B. H. Á.: Porque hay una idea de amor romántico que tenemos muchas personas. Me incluyo, por supuesto, porque es el que he vivido desde muy niña, que empecé como a navegar todos estos mares turbulentos de las emociones con los hombres. Yo fui mamá muy joven, me enamoré a los 17 años y desde ahí yo creo que adquirí patrones un poco tóxicos frente a lo que era una relación de pareja. Eso de algún modo creó un camino que se repitió en varias de las relaciones que tuve. Eso no lo sabía antes, por supuesto. No había tanta psicoeducación, no había tanta información a la mano, así que todo se hizo empíricamente a través de los errores que entre comillas parecen ser errores, pero que yo hoy en mi vida después de tanta búsqueda espiritual, de tanto estudio, de tanto trabajo interior, entiendo que ese era mi desafío.

SEMANA: ¿Cómo fuiste cultivando ese interés por lo espiritual y cómo eso se ve reflejado en el libro?
B. H. A.: Esa es la pregunta más esencial y más bonita que me puedes hacer porque es la esencia de este libro y es el propósito superior que tiene más allá de eso de novelar la historia.

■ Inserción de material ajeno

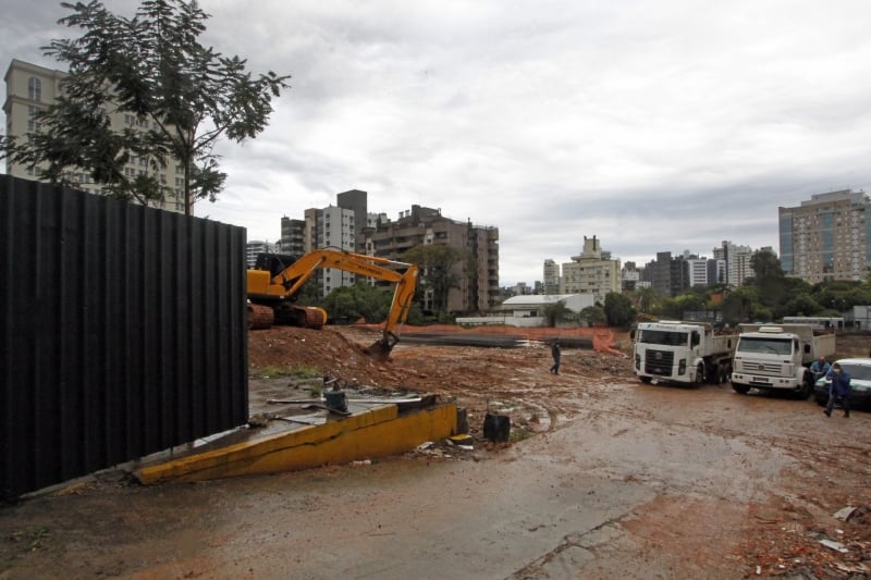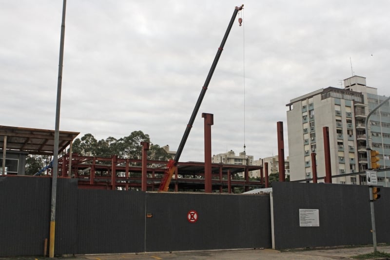 Na avenida Panamericana, no Lindoia, as obras estão sendo feitas. No local, que está cercado, é possível visualizar que uma estrutura metálica está sendo erguida. Uma placa externa ao terreno indica o plantio de mudas para compensar a retirada de vegetação.
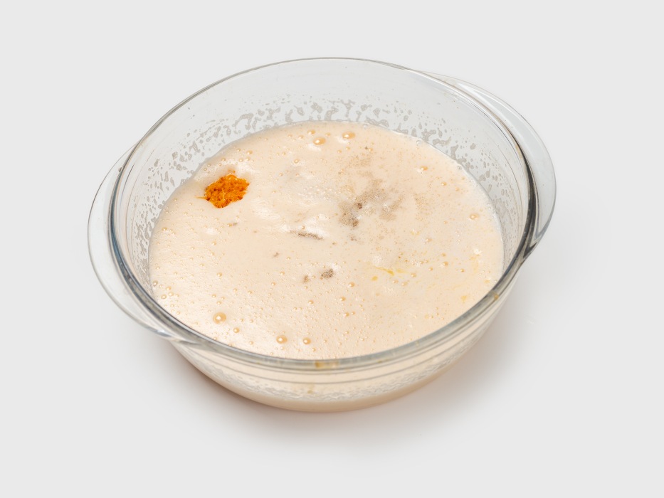 Накрыть дрожжи с молоком пищевой пленкой и оставить в теплое место подниматься на 15 минут до появления пенки на поверхности.

Es un entendimiento desde la conciencia que ha sido parte de mi trabajo como persona en esta nación. Yo he tenido esas curiosidades de niña, siempre me he hecho preguntas muy difíciles que en esa época de infancia nadie me podía responder con certeza. Fue una búsqueda muy solitaria y a lo largo de mi vida he, digamos que, estudiado muchísimo, he divagado por religiones, por filosofías, por teorías, tratando como de apaciguar un poco esta revolución mental. Cuando yo empecé a interiorizar eso, no como desde una teoría intelectual, sino a vivirla como una espiritualidad práctica. Entonces yo dije, “No, mi camino que me ha hecho como comunicadora, como periodista, luego como coach profesional, siento que hoy tiene ya un foco real, es poder comunicarle a la gente algo que yo ya he entendido adentro y que, por supuesto, pongo en práctica y no es que haya llegado un punto en el que ya no necesite más trabajo, no por el contrario, es una responsabilidad grande que hay a partir de ahora.

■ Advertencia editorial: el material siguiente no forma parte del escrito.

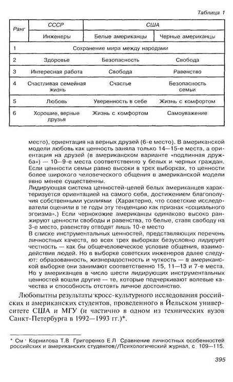 393 многих культур, но нигде им не придается такого значения, как в западных культурах. Различие в иерархии ценностей характерно для культур различных социальных слоев, классов, группы. Так, значимость творческой самореализации для творческой интеллигенции иная, чем для представителей иных социальных слоев. Но различия приоритетов социальных групп, профессиональных, демографических общностей в рамках одного общества все-таки базируются на основе общеразделяемой системы фундаментальных, базисных ценностей. Последние задают приоритеты конечных смыслов бытия, иерархию этических ценностей, характерных для любого представителя данного общества. Поэтому, пожалуй, наиболее ярко проявляются различия приоритетов ценностей различных обществ, народов, цивилизаций. Изучение различия приоритетов этого порядка привлекает особое внимание социологов. Результаты подобных кросс-культурных исследований, подчеркивающие различия культур разных народов, прежде всего их приоритетов ценностей, позволяют более точно определить облик общества, в том числе и своего. Сравнение всегда что-то подчеркивает, заставляет задуматься, В этом помогают и данные исследований. Речь, в частности, идет о проведенных в нашей стране иссследованиях под руководством В.А. Ядова и в США — под руководством М. Рокича. Сопоставим некоторые фрагменты структуры ценностных ориентации по выборке инженеров в СССР и национальной выборке белых и черных американцев разного социального статуса*. В системе ценностей авторы выделили: ценности-цели и ценности-средства (инструментальные). Первые свидетельствуют о том, что желательно для человека, вторые — о том, какими личностными качествами, по его мнению, надо обладать, чтобы добиться своих целей (исследование было проведено до глубокого реформирования нашего общества, т.е. в ситуации стабильного развития социалистического общества и соответствующей системы ценностей). Приведем перечень шести доминирующих ценностей-целей в порядке убывания их значимости (табл. 1). Три выборки объединяет общее беспокойство о сохранении мира между народами — высшая общечеловеческая ценность, не имеющая конкурентов. К числу общих ценностей относится также ориентация на материальное благосостояние («жизнь с комфортом» в американском варианте и «материально обеспеченная жизнь» — в российском), которая занимает 5—6-е места у американцев и 7-е место — у наших инженеров. К числу лидирующих ценностей советских инженеров относились ценности общения и человеческих взаимосвязей — любовь (5-е

Esto no tiene que ver con dogmas, por el contrario, yo invito a la gente a que se libere de cualquier esquema, que se desprograme de cualquier creencia, que no se limite, que se cuestione, que se pregunte, que vaya más allá, que no se deje meter los dedos en la boca.
SEMANA: Un mensaje final para quienes lean este libro...

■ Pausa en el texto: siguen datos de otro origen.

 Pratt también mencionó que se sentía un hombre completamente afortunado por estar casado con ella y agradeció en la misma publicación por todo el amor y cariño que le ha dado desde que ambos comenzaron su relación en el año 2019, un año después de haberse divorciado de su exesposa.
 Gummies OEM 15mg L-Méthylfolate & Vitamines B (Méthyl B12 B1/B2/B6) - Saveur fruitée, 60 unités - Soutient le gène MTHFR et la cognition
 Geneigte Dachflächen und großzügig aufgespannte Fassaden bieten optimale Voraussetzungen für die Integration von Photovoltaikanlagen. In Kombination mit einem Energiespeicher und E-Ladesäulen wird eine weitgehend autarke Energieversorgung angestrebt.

B. H. Á.: Hay una frase que te la voy a leer y está en la primera página del libro y dice lo siguiente, “A las almas que despiertan sin huir del mundo, a quienes se atreven a mirarse con nuevos ojos y hacer de su propia vida un acto de amor consciente. Este libro es para quienes con permiso se eligen”. Y eso justamente es lo que yo propongo. Es una invitación abierta, simplemente a que se exploren a través de mi historia, que la pongo como ejemplo, pero no para generar algún juicio de valor o una opinión, sino simplemente para que se identifiquen en cualquiera de los roles de las enseñanzas y de los aprendizajes que yo tuve.